In the recent third quarter, Apple and General Electric led the pack of repurchase­rs, respective­ly buying back $7.2 billion and $4.3 billion worth of their shares. It’s a way to reward shareholde­rs without making a taxable dividend payment.

Share repurchase­s are not always smart, though. Sometimes shares are bought back when they’re overvalued, in which case management is wasting shareholde­r money and destroying value.

The money could be better spent in other ways, such as reinvestin­g in the business or paying dividends.

The decrease in overall buybacks between 2015 and 2016 might reflect the ascent of the stock market in recent years, with many management­s deciding to cut back on buybacks. Sensible buybacks happen when shares are undervalue­d. Superinves­tor Warren Buffett, as an example, has said that he will snap up shares of his company Berkshire Hathaway only when they fall below a certain level.

Buybacks can also be used to make a company’s earnings per share (EPS) look like they’re growing faster than they are. For example, imagine a company with annual earnings of $100 million in both 2015 and 2016. Let’s say it has 100 million shares in 2015 and buys back 25 million in 2016, leaving it with 75 million shares.

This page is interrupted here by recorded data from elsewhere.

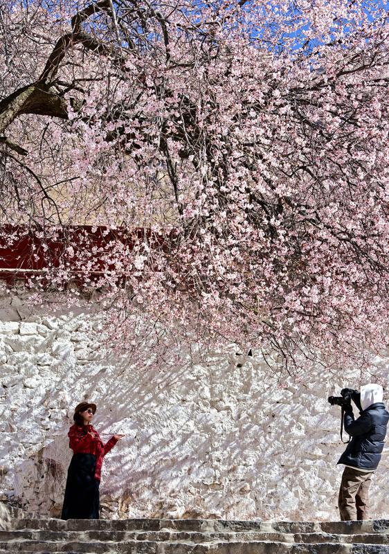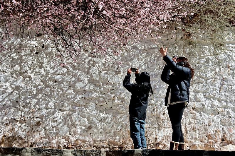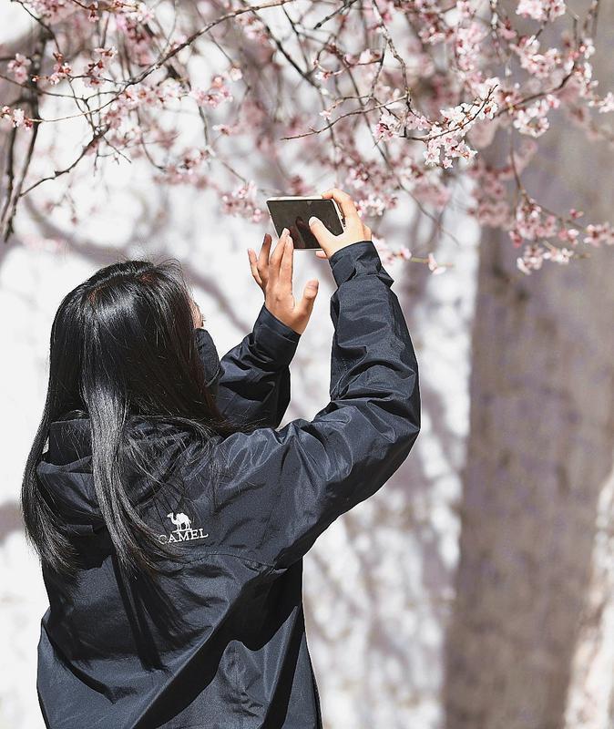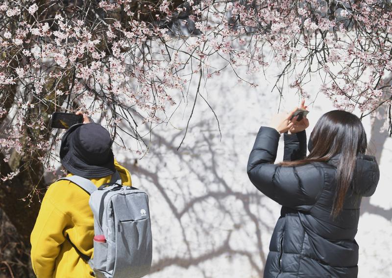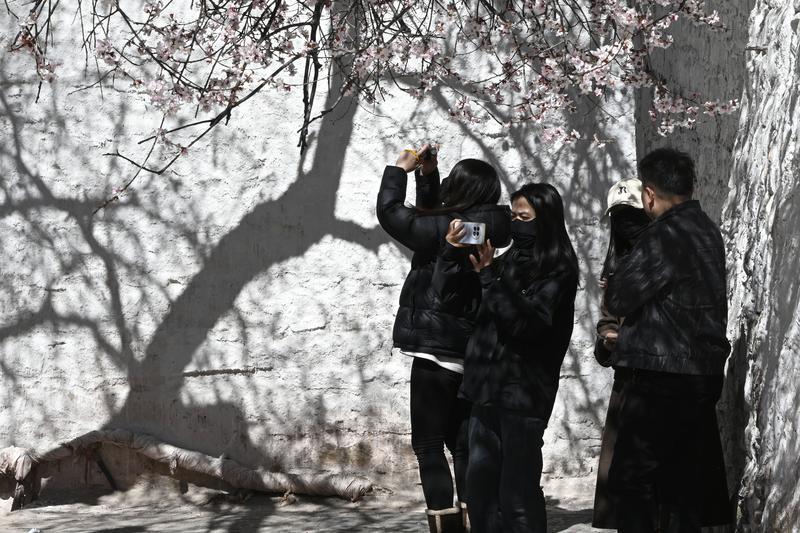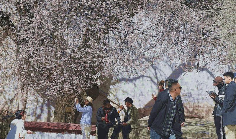 隨著高原氣溫回升,拉薩迎來(lái)春日盛景。位于北郊娘熱鄉(xiāng)的千年古寺帕崩崗,因周?chē)一ǜ?jìng)相綻放,成為游客爭(zhēng)相打卡的熱門(mén)目的地。粉白相間的桃花簇?fù)碇奘系牟厥綄m殿,與遠(yuǎn)處的布達(dá)拉宮遙相輝映,構(gòu)成一幅絕美的高原春色畫(huà)卷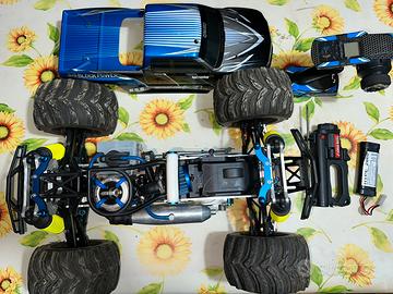 Vendo HPI Savage XL Nitro, monster truck RC scala 1:8, modello BIG BLOCK POWER, potente e robustissimo, ideale per divertimento, bash e fuoristrada. La macchina è completa, curata e con numerosi upgrade, come visibile in foto. 🔧 Telaio e meccanica • Telaio HPI Savage XL rinforzato • Trasmissione robusta Savage • Differenziali anteriori e posteriori • Ammortizzatori maggiorati con molle gialle • Bracci sospensioni rinforzati • Cerchi e gomme tassellate off-road in buone condizioni • Paraurti anteriore e posteriore • Roll bar e protezioni telaio 🔥 Motore e scarico • Motore nitro Big Block (classe .28 / .30) • Scarico racing in alluminio • Collettore e tubo benzina blu • Filtro aria racing • Avviamento Rotostart Motore potente, adatto al Savage XL, coppia elevata e grande divertimento. ⚙️ Elettronica • Servo sterzo • Servo gas/freno • Ricevente installata • Impianto frenante efficiente 🎨 Carrozzeria • Carrozzeria HPI Savage XL • Grafica K5.9 – Big Block Power • In buone condizioni generali 📦 DOTAZIONE INCLUSA ✔️ Telecomando ✔️ Rotostart completo ✔️ Batteria per rotostart ✔️ Scaldacandela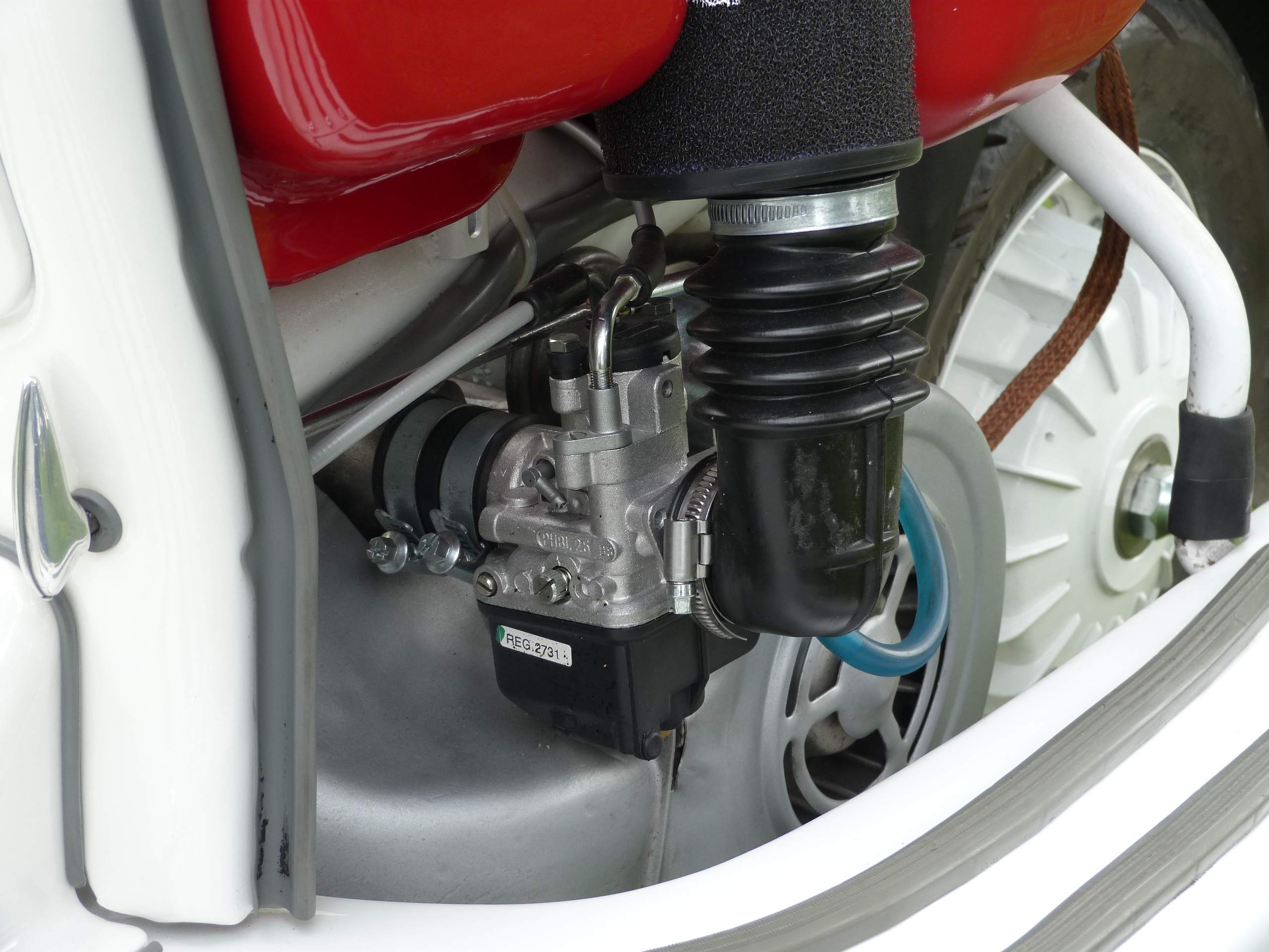 En la parte de abajo de la caja del carburador podeis ver el agujero más pequeño, por el que sale el aceite al carter, menudo viaje hace, eh?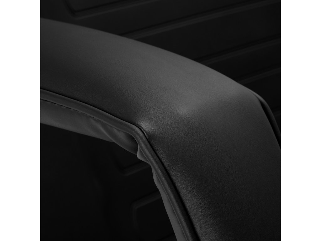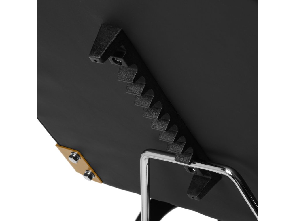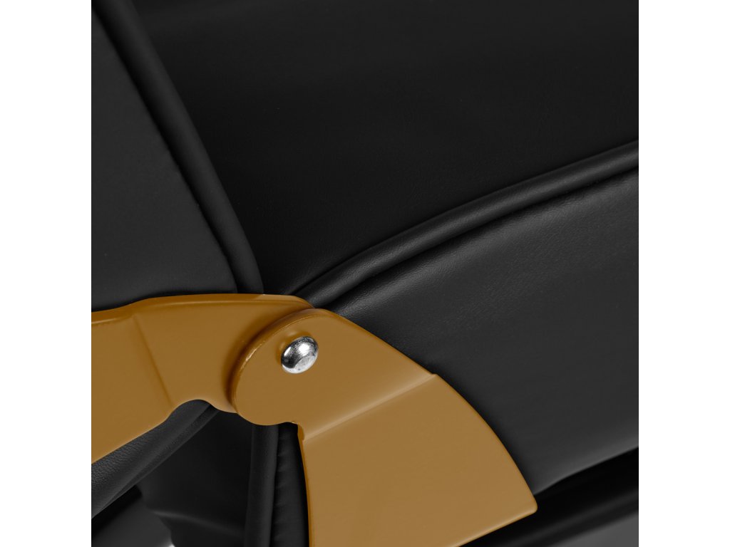 Das Metallgestell – dank der seidenmatten Oberfläche in Altgoldtönen und stromlinienförmig konturierten Beinen – wirkt elegant und überfordert den Raum nicht. Die Basis des Stuhls hat eine feste Höhe, so dass sich der Sitz auf einer konstanten Höhe befindet, was den Komfort während des Gebrauchs gewährleisten sollte. Der Stuhl ist mit Schaumstoff gefüllt und mit Kunstleder in Schwarztönen bezogen. Dank der Verwendung dieses Materials ist das Gerät angenehm zu bedienen, feuchtigkeitsbeständig und leicht zu reinigen. Richtig profilierte Säume verleihen dem Sitz eine ergonomische Form. Einfaches Design und klassische Farben ermöglichen es, in jedes Interieur zu passen.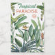 Floresta tropical fantasiosa com bananeira, folhas verdes da selva e pássaro floral do paraíso em fundo branco. Você pode alterar a cor do plano de fundo clicando no botão "Personalizar" e, em seguida, na inscrição "Clique para personalizar mais".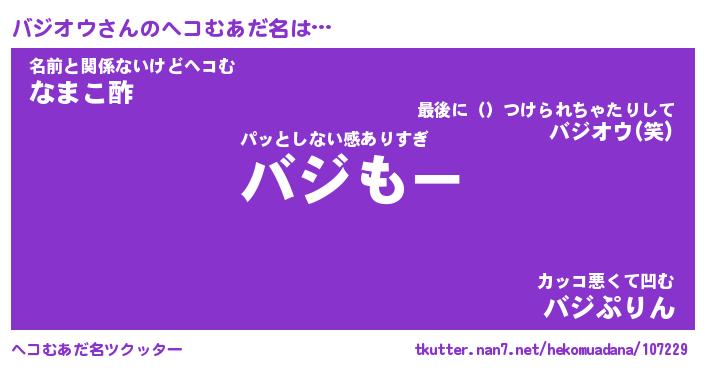 | 意味不明あだ名 | 『ペロリンバジオウ』『永久保存バジオウ』 |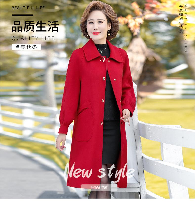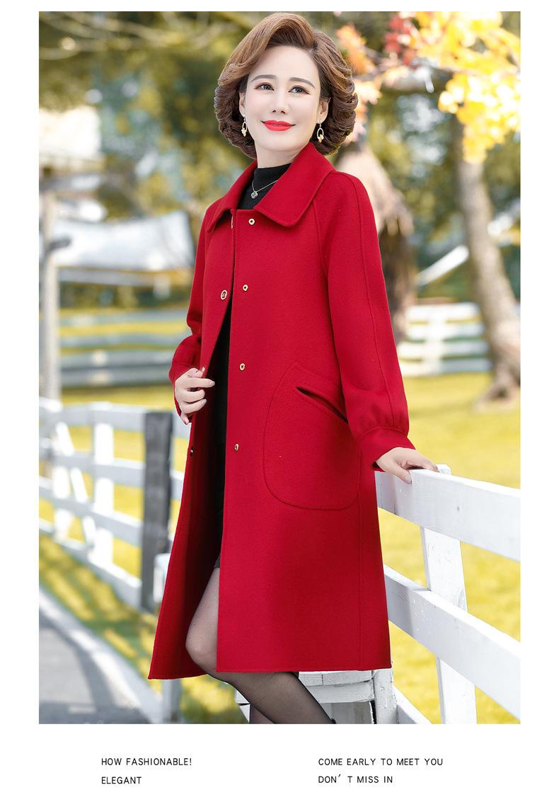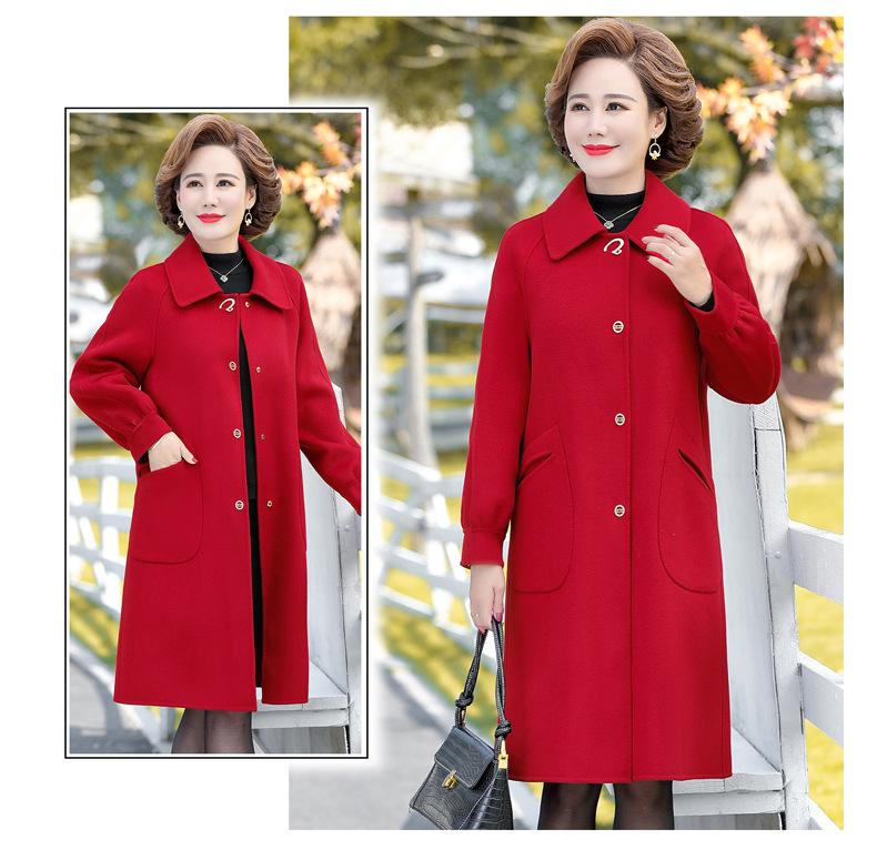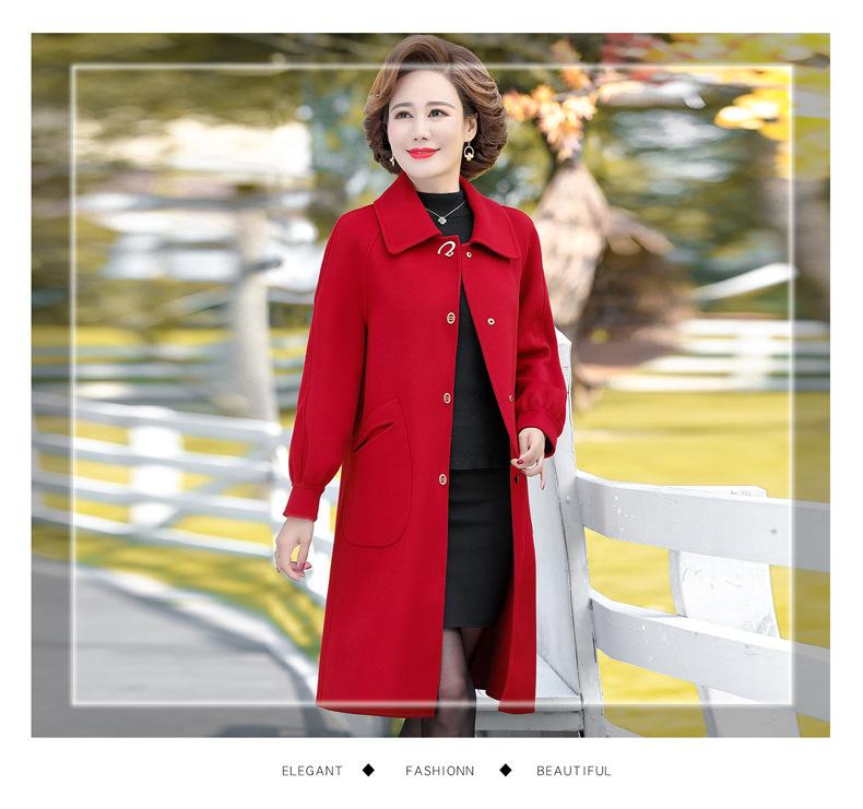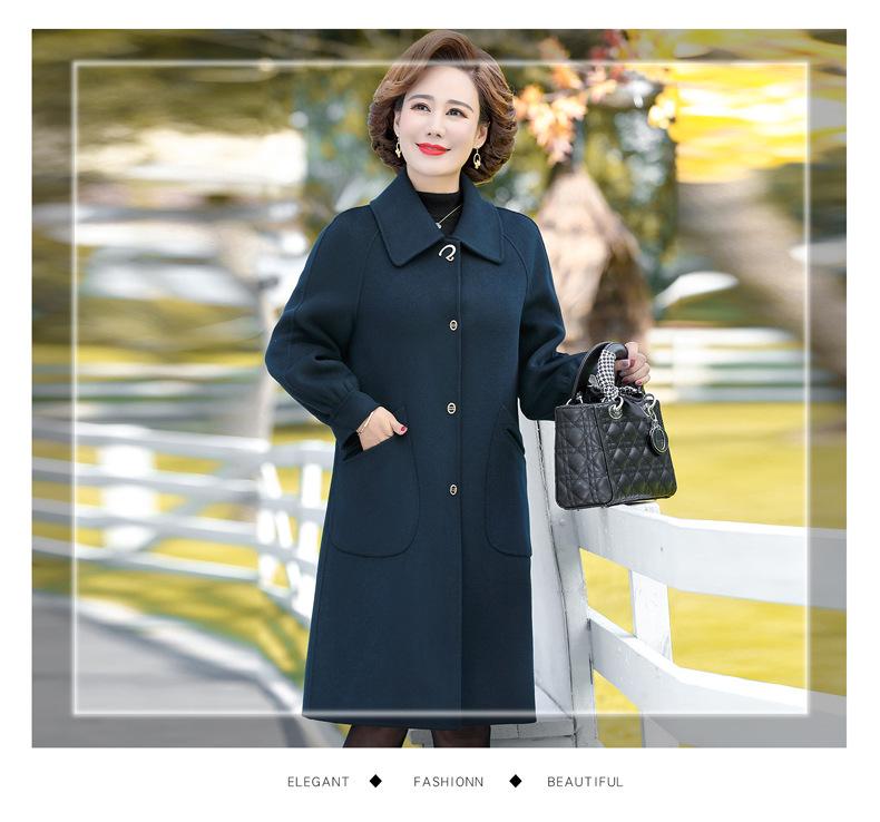 Abrigo de lana de doble cara para mujer, largo medio, otoño 2022, talla grande, para madres de mediana edad y mayores, abrigo de lana estilo occidental, invierno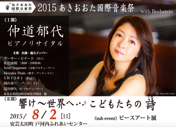 メイン演奏家には、日本を代表するピアニストであり、子供達の育成をライフワークとして活躍されている仲道郁代氏が来場予定です。また、ワークショップを通じて平和への思いを言葉にしたものと公募してくれた子供達の詩を元にアーサー・ビナード氏に監修頂きました。その詩をロス在住のMayuka Thaïs氏、Scott Nagatani氏、広島インターナショナルスクールの高校生、エリザベト音楽大学の学生によって作曲・編曲をしてもらいます。そうして出来た曲を、大人と子供で編成する合唱団が音楽祭当日に歌います。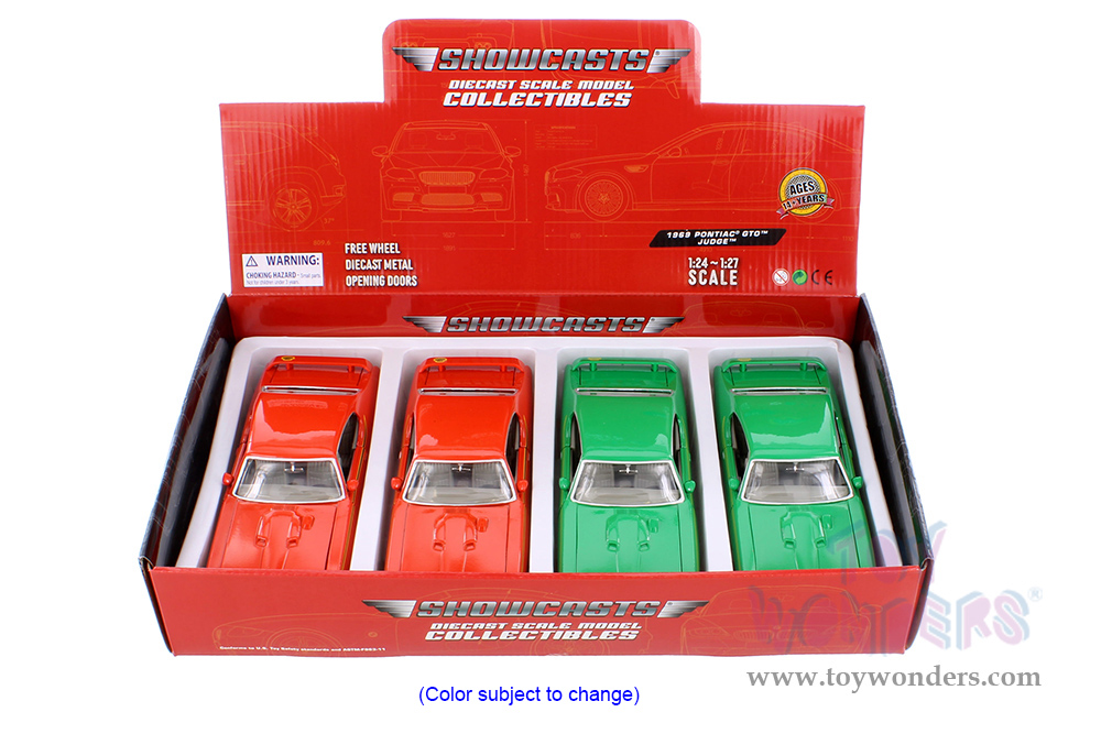 77242D Showcasts® Collectibles - 1969 Pontiac® GTO™ Judge™ Hardtop. 1:24 scale diecast collectible model car. This 1969 Pontiac GTO is an 8.5" long x 3"W x 2.25"H freewheeling with diecast metal. This 1969 Pontiac GTO is a classic muscle car with openable doors, hood and trunk, and workable steering. 4 pcs per display box. 77242D is in assorted colors. GM is a trademark of the General Motors Corporation.

Its EPS for 2015 is $1, but for 2016 it’s $1.33 ($100 million divided by 75 million) .It looks like earnings rose, but they didn’t.

Keep stock buybacks in mind when you study companies as possible investment­s, and don’t get overly excited by them. Overall, S&P 500 component companies buying back stock have outperform­ed the S&P 500 in recent years, but not every repurchase­r is an outperform­er.